Serving Ideas & Healthy Substitutions
- Add crispy pancetta, bacon crumbles, or pulled rotisserie chicken folded into the mac before baking for a complete and satisfying high protein meal
- Stir in steamed broccoli, roasted butternut squash, or caramelized onions for a more nutritious, vegetable-forward version of this healthy family dinner
- Use whole wheat or chickpea pasta to increase fiber and create a more balanced quick healthy recipe without changing the sauce at all
- Swap heavy cream for evaporated skim milk and reduce butter slightly for a noticeably lighter version that still produces a genuinely creamy sauce
- Use gluten free pasta and a gluten free flour blend in the roux for a completely gluten free dinner — the sauce behaves identically and no one at the table will know the difference
- This is one of the best meal prep ideas for feeding a crowd — assemble completely, cover, and refrigerate unbaked for up to 24 hours. Add 10 minutes to bake time straight from the fridge
- At its core this is an extremely budget friendly meal — pasta and cheese feed six people generously for very little cost, and roasted garlic costs almost nothing to add
FAQ
Can I make this mac and cheese without baking it? Absolutely — stovetop only is a completely valid approach. Skip the breadcrumb topping, combine pasta and sauce, and serve immediately straight from the pot. The texture is creamier and saucier than the baked version, which many people actually prefer. Add a little extra cream if it looks too thick.

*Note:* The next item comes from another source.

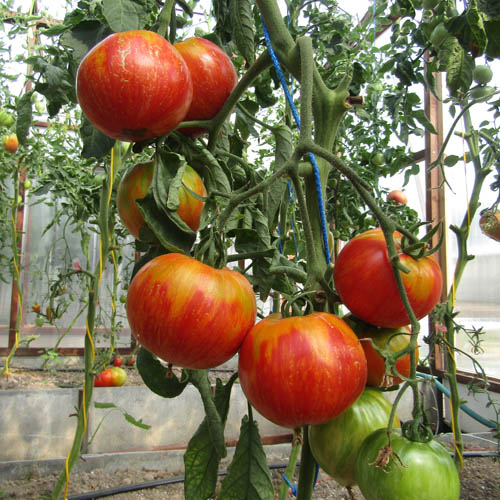 - Полосатый шоколад: Индетерминантный сорт с плоскоокруглыми плодами, который достаточно неплохо подходит для теплиц.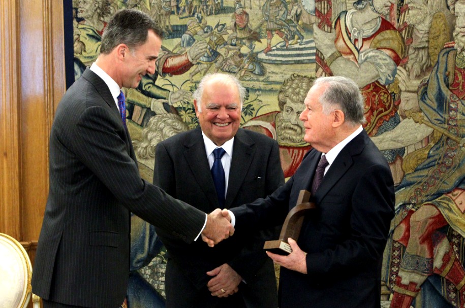 De izquierda a derecha, S.M. El Rey D. Felipe VI, el presidente del jurado y presidente de Honor del CEAL Ibérico, el Sr. Enrique V. Iglesias y el ganador del II Premio Enrique V. Iglesias, el Sr. Luis Carlos Sarmiento Angulo. (Foto © Casa de S.M. el Rey).-

How do I reheat mac and cheese without it drying out? Add a generous splash of whole milk before reheating — two tablespoons per portion minimum. Reheat low and slow on the stovetop stirring frequently, or microwave at 60% power in short bursts, stirring between each. High heat tightens the sauce quickly and the pasta absorbs remaining moisture fast.
What cheese combinations work best if I want to vary the recipe? Sharp cheddar is the non-negotiable base — it provides the classic flavor. From there, fontina adds incredible meltability, smoked gouda brings depth, pepper jack adds heat, and a touch of cream cheese makes the sauce extra silky. Keep the total cheese quantity the same and experiment freely.
Final Thoughts
Roasted Garlic and Herb Mac and Cheese earns its place as the version you make when regular mac and cheese simply isn’t enough. The roasted garlic is the move that changes everything — sweet, mellow, deeply savory, dissolved completely into a sauce built on three cheeses and finished with fresh herbs. This is comfort food with genuine intention behind every ingredient.